You may notice I described the debts here in terms of creative energy, not just time. This is deliberate because technical debt costs us cognitive drag, not just time. Creative engineering work does not happen at a constant speed. An engineer might say only 10% of their time is spent on a repetitive task but if you dig deeper it’s appears to be sapping a majority of their emotional and intellectual initiative. Toil like that can push the team to get distracted or snack on low-value work to avoid the more direct, frustrating work. Asking the team how much of their creative energy they feel like they’re losing is, in my experience, a better measure of how much enthusiasm and insight is lost. Which is what we actually pay our engineers for.

To make these concepts clearer lets explore some hypothetical examples.

The Ballooning Postgres Database

One of your teams operates a service where all of the data is in a single growing Postgres database. The team notices that queries are getting slower as the storage size grows but this isn’t a system where performance is critical. Your current cloud deployment supports database volumes up to 20TB of storage and you’ll reach that maximum in a couple years if the current growth curve continues.

The team plans to shard the data and migrate to multiple smaller Postgres instances when they need to. They estimate it’ll take the whole team about 3 months to do that – and it’ll take longer if the data is larger.

The principal of this debt is what it takes to eliminate it: Three months of migrating to a sharded design.

The interest of this debt is how much drag it introduces to your engineers: None at all! Having this simple database setup has allowed them to move quickly on developing features.

The Increase in Principal is how much longer that sharding migration will take as the data grows. Let’s say that your team believes that the work here is mostly code changes but the actual migration of data might take weeks of an engineer shepherding it if the data is close to the 20TB limit. Since most of the work is the code changes we’ll say the increase in principal is low.

The Increase in Interest is zero because the the interest is and will stay at zero.

There’s a Payoff Event where the full principal comes due: 2 years from now. Let’s be conservative and say we need to have it in 18 months.

Principal Interest Increase in Principal Increase in Interest Payoff Event(s)
3 months * 1 team zero low zero 18 months

The Asynchronous App on MongoDB

Another one of your teams operates a service that uses asynchronous code with callbacks on top of a sharded MongoDB cluster. The team complains about the difficulty of testing the asynchronous code and has had to invent and maintain a testing library to make this pattern accessible to new hires. The data they store is quite relational so they’re frustrated with the document-oriented storage model. Much of their work is creating and fixing secondary indexes. They say, anecdotally, that 75% of their energy is spent just fighting the system.

The database sharding method has plenty of room to grow and the database instances themselves are reliable. But the team dreams of rewriting everything, even though they say it would take a full year.

To eliminate the Principal of this debt requires a full rewrite of the app and a migration to a relational database.

The Interest is the high percentage of the team’s creative energy wasted by this debt.

The Increase in Principal is how much harder it’ll be to fix this if we wait.

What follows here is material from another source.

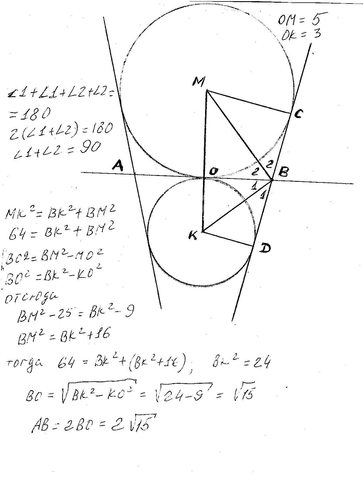 Две окружности с радиусами 5 и 3 касаются в точке О. Их общая касательная, проходящая через точку О, пересекает внешние касательные этих окружностей в точках А и В соответственно. Найдите АВ.

If the solution is a rewrite that means this is growing in lock-step with the app’s complexity.

The Increase in Interest is high because as this app grows there’s yet more painful complexity to wade through.

However, there’s no Payoff Event on the horizon. The team’s output will decelerate forever but the system will technically keep working correctly.

Principal Interest Increase in Principal Increase in Interest Payoff Event(s)
1 year * 1 team 75% high high none

Comparing two debts

Say one of your Directors of Engineering supports the managers of both these teams. The director comes to you and says both teams are asking for time to pay down their debts. What insight do you offer?

If we do nothing then in two years the Postgres database falls over and that’s a total outage. So we have to do something about that. Whereas the MongoDB team just gets sadder and slower but their system keeps working. So should we ever prioritize letting them do their rewrite?

That depends on what the purpose of that second system is. What benefit does the company get from this painful asynchronous app? Is the low morale of the team offset by a good feeling that at least their work is extremely important? Or is it a trivial set of features that could be deleted?

Assuming both systems are roughly equal in their importance to the company, I would advise this director to stem the bleeding on the async MongoDB system by curtailing new development in it.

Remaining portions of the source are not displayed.